Passion is not just for the young. Older people feel passionate and their passion is fueled by the knowledge that time is limited.


----------



## truebebeblue (Mar 26, 2010)

StarWitness said:


> I wish I was braver when it came to approaching/flirting with men. I don't want commitment or monogamy, I want fun and adventure... but when the opportunity presents itself, most of the time my nerves undermine my desires.
> 
> Case in point... this evening I stopped into a video store that was having a going out of business sale, and one of the clerks was a very B, rather H, M. I browsed the DVDs and stealth-leered at him for a little while, before moving on to Target. The guy randomly shows up to shop at Target while I'm still there.
> 
> And we check out at the same time, so we ended up leaving the store walking only a few feet from each other... and he parked his car a few spaces from mine... so I had all the time I was in the video store, plus a good 5 minute window in Target, with which to approach this guy. I'd never seen him before in my life, probably never see him again. What did I have to lose from approaching him? I could have asked him about when the store was going to close and tried to strike up a conversation from there; I could have proposed to him... realistically, the worst thing that could happen would be rejection. And that was too intimidating. I suck.

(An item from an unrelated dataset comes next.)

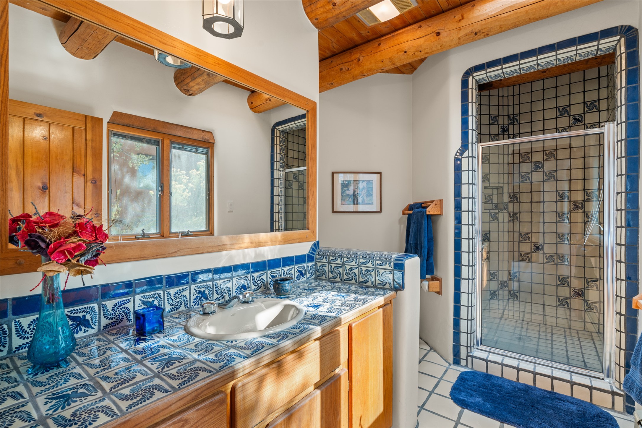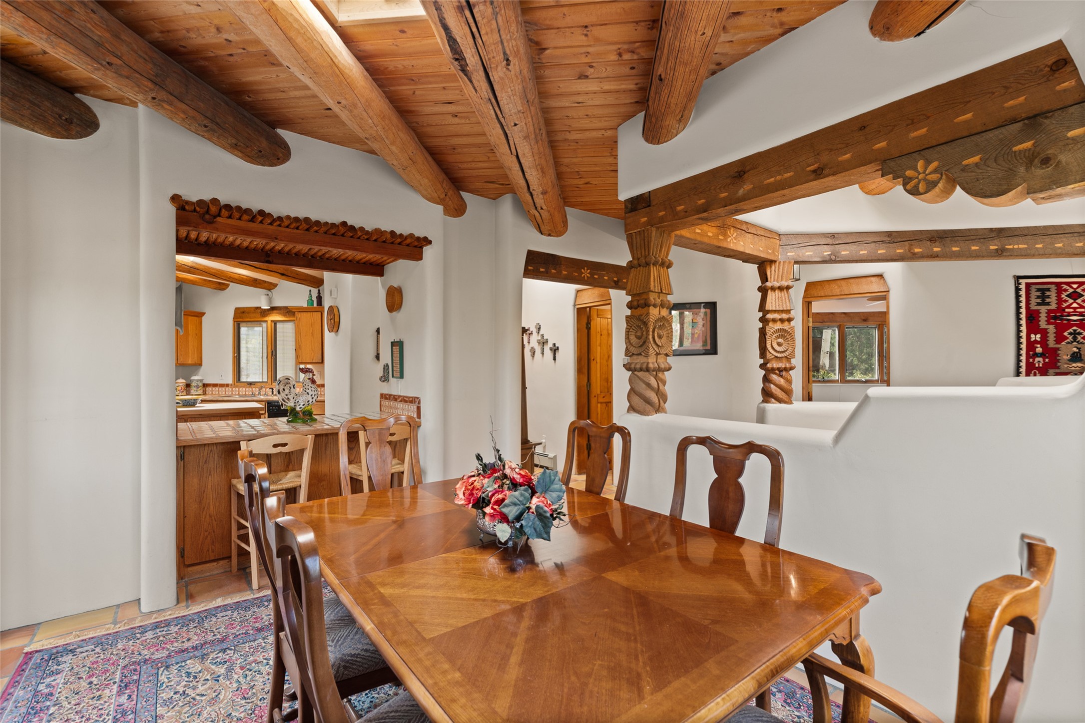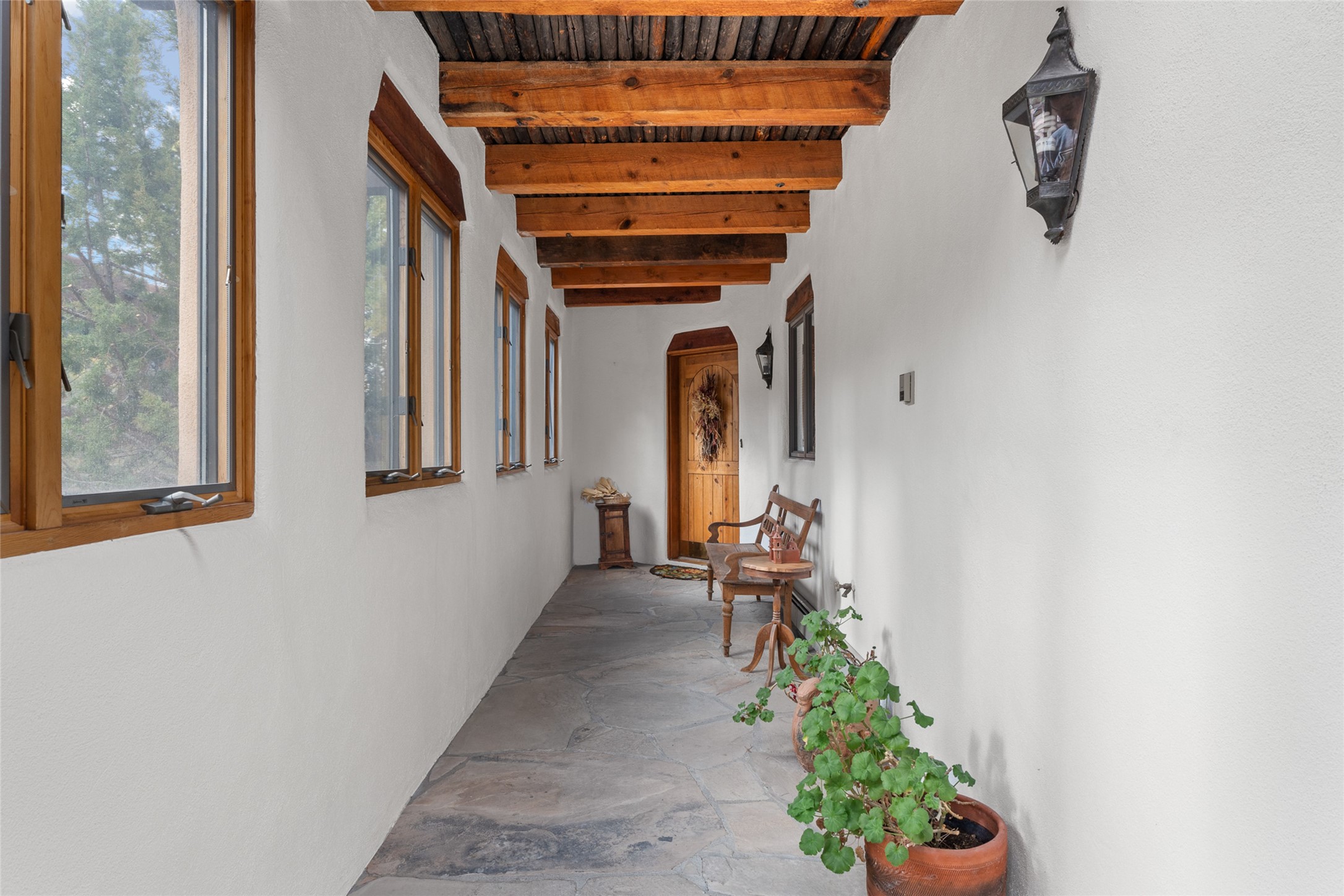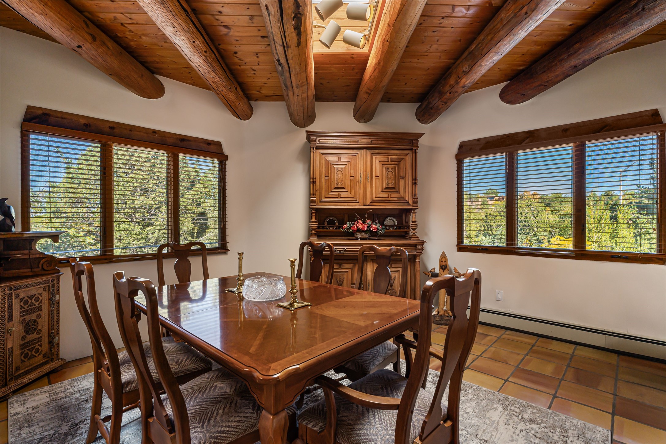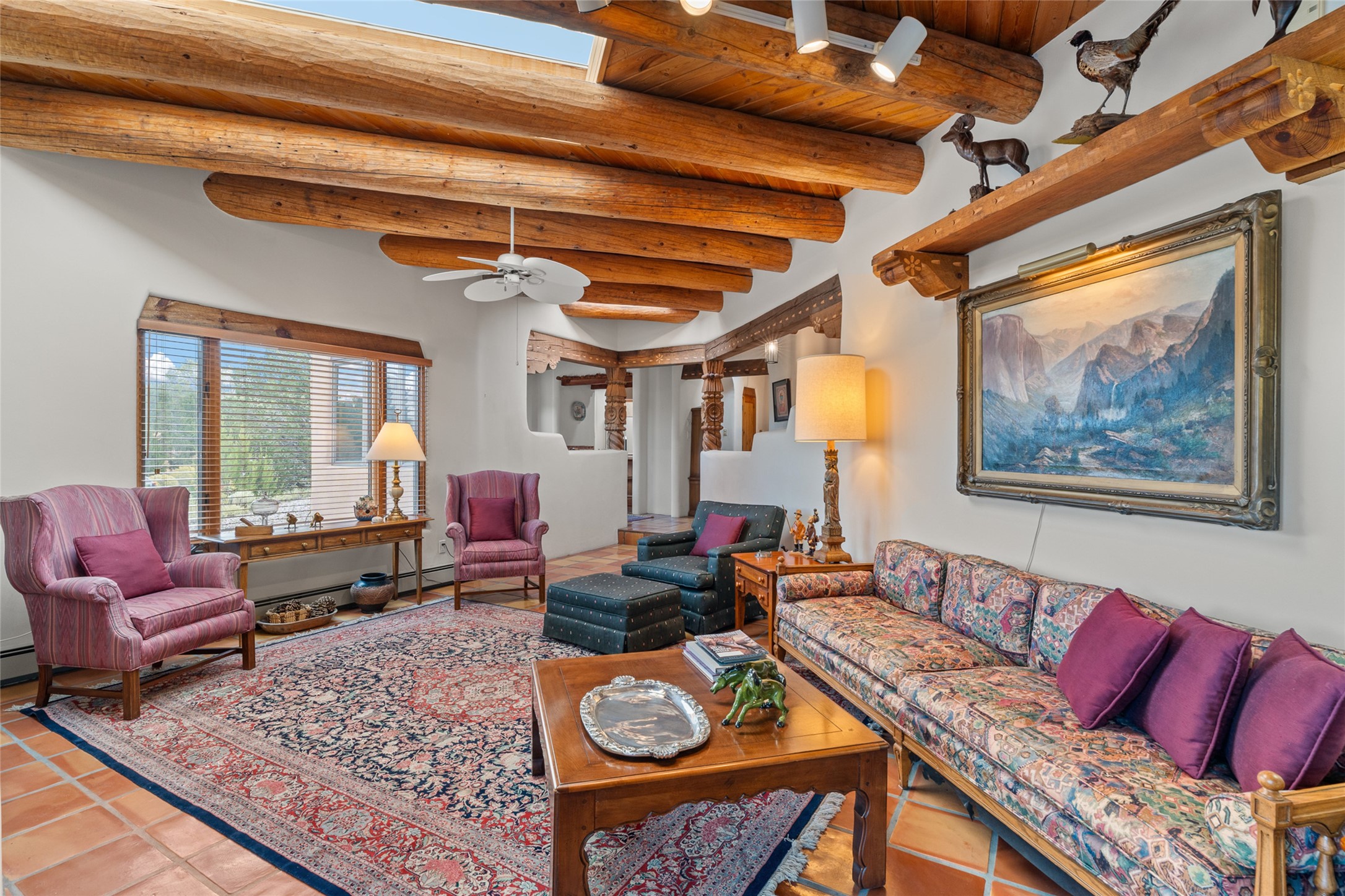 Are you looking for the ideal second home or home to retire to in Santa Fe? If so, look at this two-bedroom, three-bath home in Las Barrancas, just minutes from the Santa Fe Plaza. Sonny Otero built the house and offers all the beautiful Santa Fe finishes with Vigas, hand-carved Corbels and shelving and beams, Nichos, Saltillo Tile flooring, Talavara Tile counters, and courtyards. Features include an entry through a garden room that provides privacy, two walled courtyards for enjoying the Santa Fe weather, and a low-maintenance yard/garden. This home should not be missed!

Oh i would have said "are you following me?!" and laughed... that usually gives them an opening if they were wanting to talk to you and if not they laugh and that's it.. nothing too mortifying.


True


----------



## truebebeblue (Mar 26, 2010)

Well, funny how I made that post about my biological clock etc..
I just found out I'm pregnant. This should make dating even MORE interesting!
Now I'm off to obsess on growing a new person.



True


----------



## DitzyBrunette (Mar 26, 2010)

truebebeblue said:


> Well, funny how I made that post about my biological clock etc..
> I just found out I'm pregnant. This should make dating even MORE interesting!
> Now I'm off to obsess on growing a new person.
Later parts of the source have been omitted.